_PROBLEM DESCRIPTION_
Your task is to retype, exactly and without pictures, the line holding "Asuntos como el" and each line that follows it to the end of the entries.

_RECORDS FOR THIS EXERCISE_
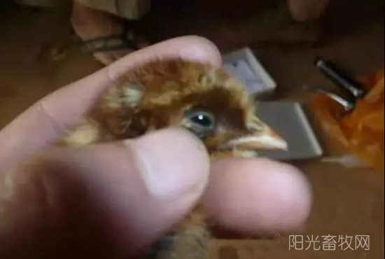 图2 中指、无名指、小指把雏鸡固定住,让雏鸡右侧脸朝上
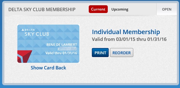 Now what other bugs are currently “live” on Delta.com? Here is an obvious one. If I go to pull up my Skyclub membership card in “My Delta” for this year it “correctly” shows I only have individual membership. I say correctly in quotes because Delta pulled a #KeepDescending worthy move of blocking my dear wife from joining me in the club as of 1MARCH2015. Thanks Delta!
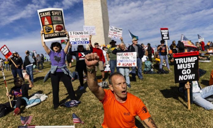 Asuntos como el cierre de gobierno de Estados Unidos, ya el más largo de la historia nacional, o las críticas a las políticas contra los migrantes han estado en el foco de las protestas.
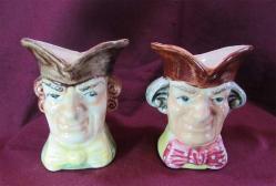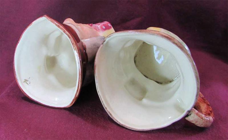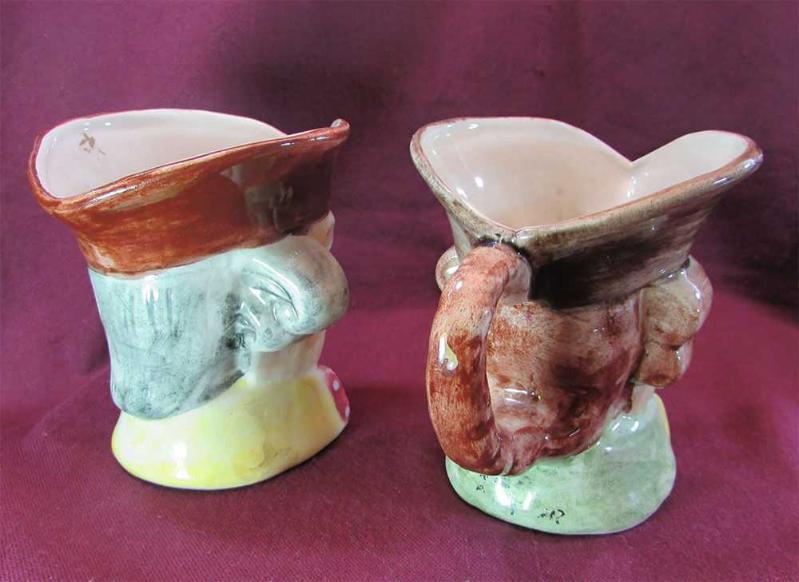 KOLEKSİYONLUK Toby Jug KLASİK İNGİLİZ TİPLERİN,FİGÜRATİF OLARAK BAŞ KISIMLARININ,ÖZEL EL İŞÇİLİĞİ İLE SERAMİKTEN YAPILMIŞ VE SIR ALTI BOYANMIŞ KUPALAR BİRİ SAPLI,DİĞERİ SAPSIZDIR BÜYÜK İHTİMAL İNGİLİZ MENŞEİLİ ÜRÜNLER ÜRÜNLER BİRAZ TOZLU OLARAK RESİMLENMİŞ, TERTEMİZ VE SAĞLAMDIR KIRIK ATIK YOKTUR GENİŞLİĞİ 7-8cm,YÜKSEKLİKLERİ 9cm
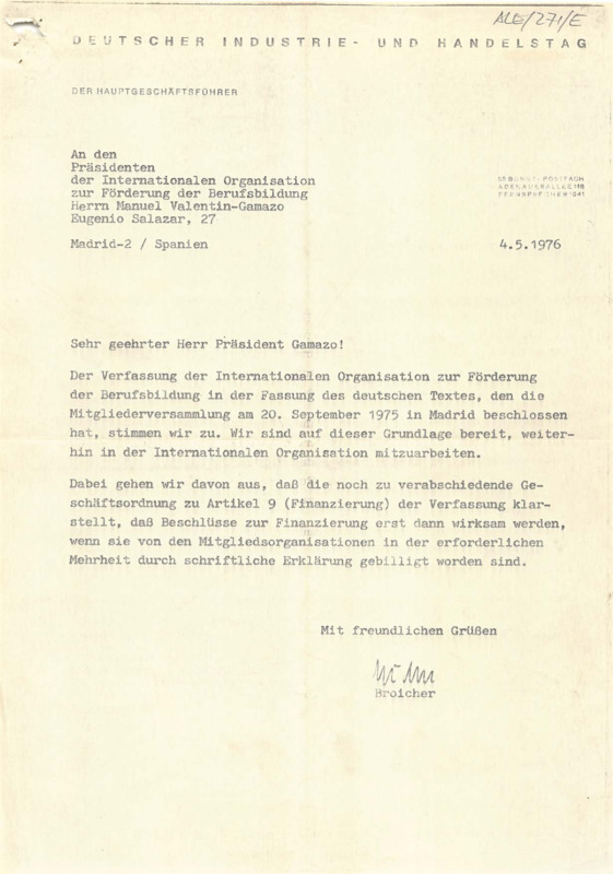 - Letter from Briocher to Manuel Valentín-Gamazo, 04/05/76
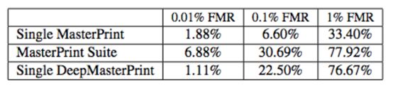 该研究首次创建了图像级合成 Masterprint,进一步强化了在指纹应用中利用分辨率低的小型传感器的风险。该研究直接展示了如何利用它以 0.1% 的错误匹配率伪造 23% 的主体指纹。生成的 DeepMasterPrints 在 1% 的错误匹配率下能够伪造 77% 的主体指纹。
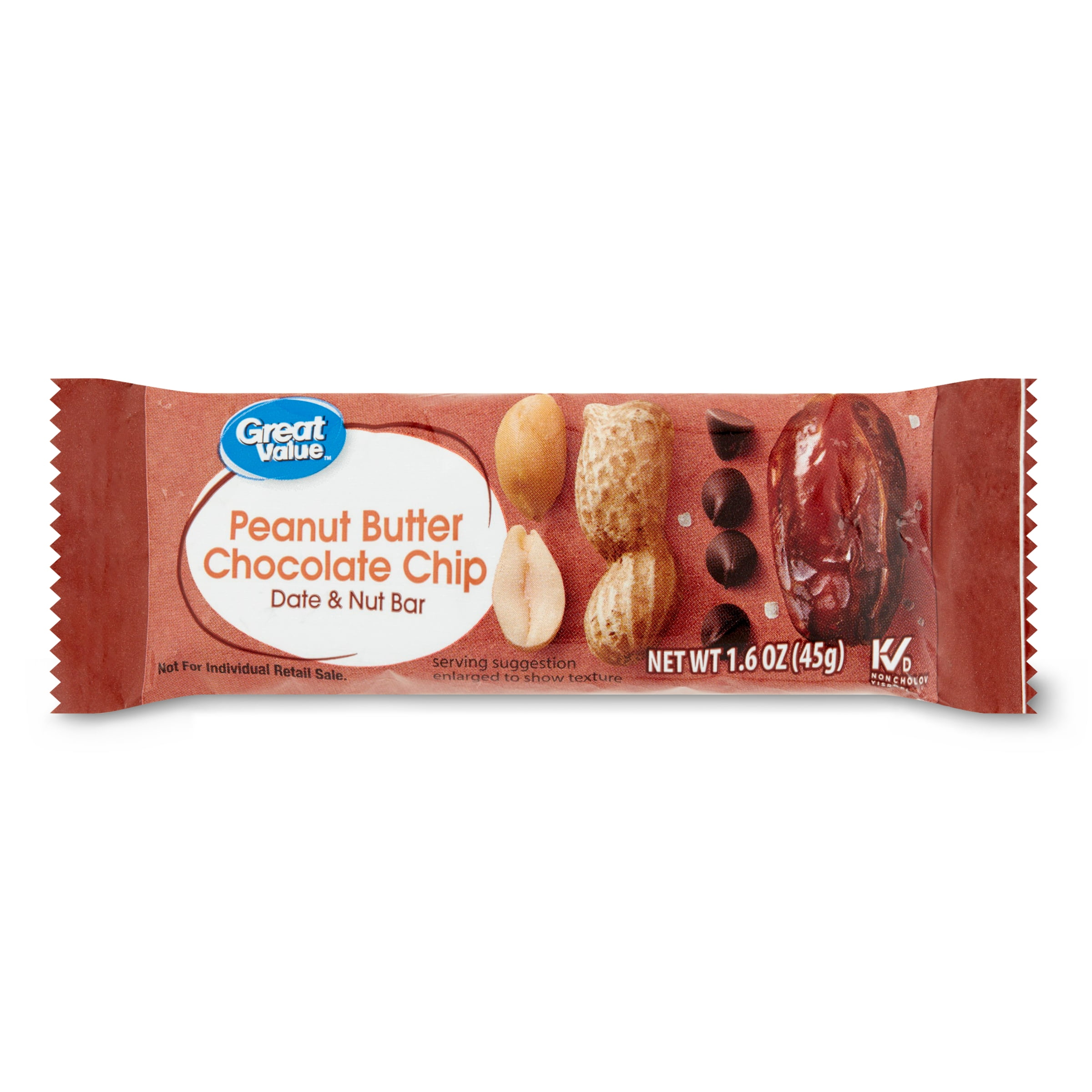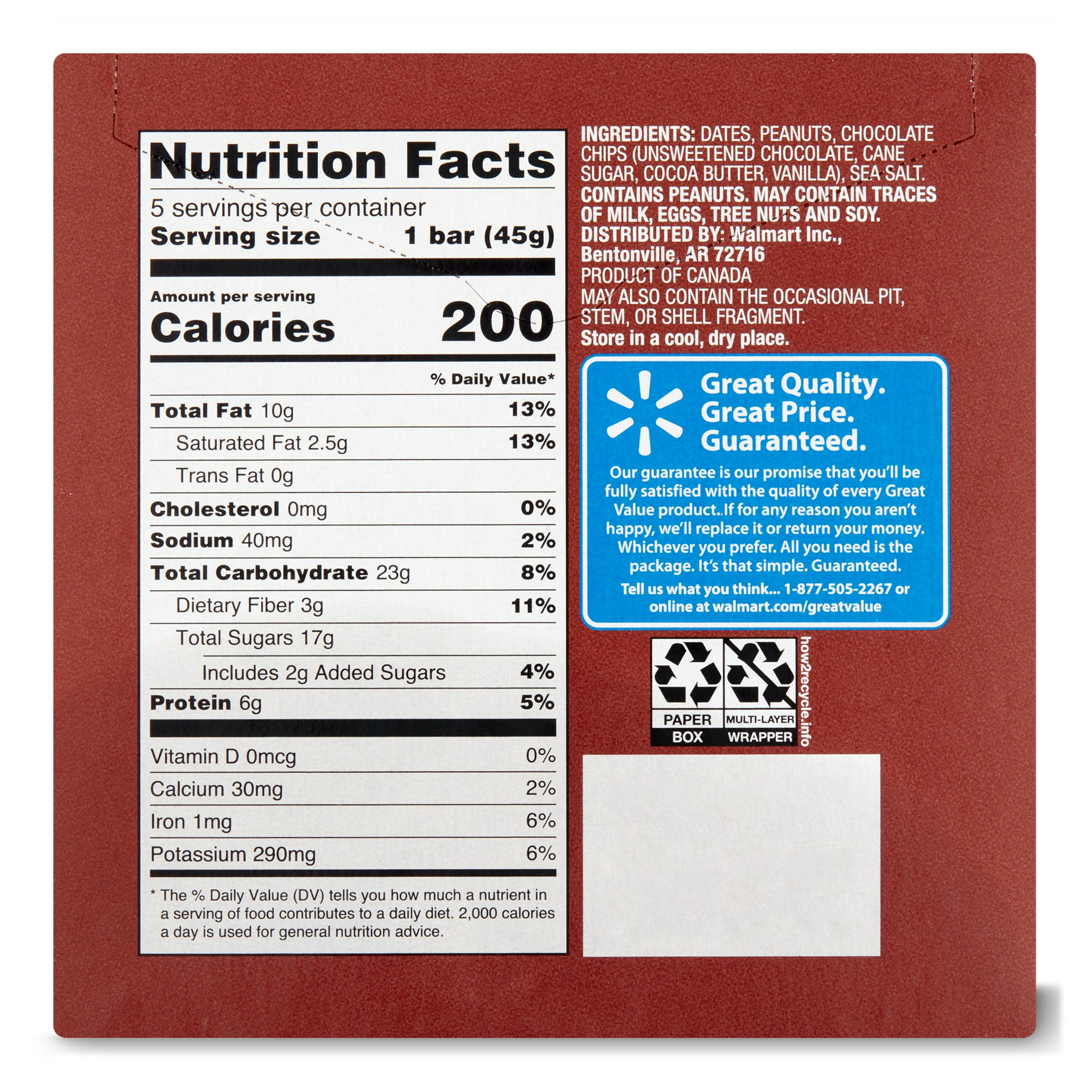 Great Value Peanut Butter Chocolate Chip Date and Nut Bars are a healthy and satisfying snack that the entire family will enjoy. These bars are packed with dates, peanuts, and chocolate chips. Each bar has six grams of protein and 200 calories. Individually wrapped, these nut bars are perfect for snacking on the go or for packing in lunches. Add some sweet and salty crunch to your snack time with Great Value Peanut Butter Chocolate Chip Date and Nut Bars.

_RESULT FOR THIS EXERCISE_
 Asuntos como el cierre de gobierno de Estados Unidos, ya el más largo de la historia nacional, o las críticas a las políticas contra los migrantes han estado en el foco de las protestas.
 KOLEKSİYONLUK Toby Jug KLASİK İNGİLİZ TİPLERİN,FİGÜRATİF OLARAK BAŞ KISIMLARININ,ÖZEL EL İŞÇİLİĞİ İLE SERAMİKTEN YAPILMIŞ VE SIR ALTI BOYANMIŞ KUPALAR BİRİ SAPLI,DİĞERİ SAPSIZDIR BÜYÜK İHTİMAL İNGİLİZ MENŞEİLİ ÜRÜNLER ÜRÜNLER BİRAZ TOZLU OLARAK RESİMLENMİŞ, TERTEMİZ VE SAĞLAMDIR KIRIK ATIK YOKTUR GENİŞLİĞİ 7-8cm,YÜKSEKLİKLERİ 9cm
 - Letter from Briocher to Manuel Valentín-Gamazo, 04/05/76
 该研究首次创建了图像级合成 Masterprint,进一步强化了在指纹应用中利用分辨率低的小型传感器的风险。该研究直接展示了如何利用它以 0.1% 的错误匹配率伪造 23% 的主体指纹。生成的 DeepMasterPrints 在 1% 的错误匹配率下能够伪造 77% 的主体指纹。
 Great Value Peanut Butter Chocolate Chip Date and Nut Bars are a healthy and satisfying snack that the entire family will enjoy. These bars are packed with dates, peanuts, and chocolate chips. Each bar has six grams of protein and 200 calories. Individually wrapped, these nut bars are perfect for snacking on the go or for packing in lunches. Add some sweet and salty crunch to your snack time with Great Value Peanut Butter Chocolate Chip Date and Nut Bars.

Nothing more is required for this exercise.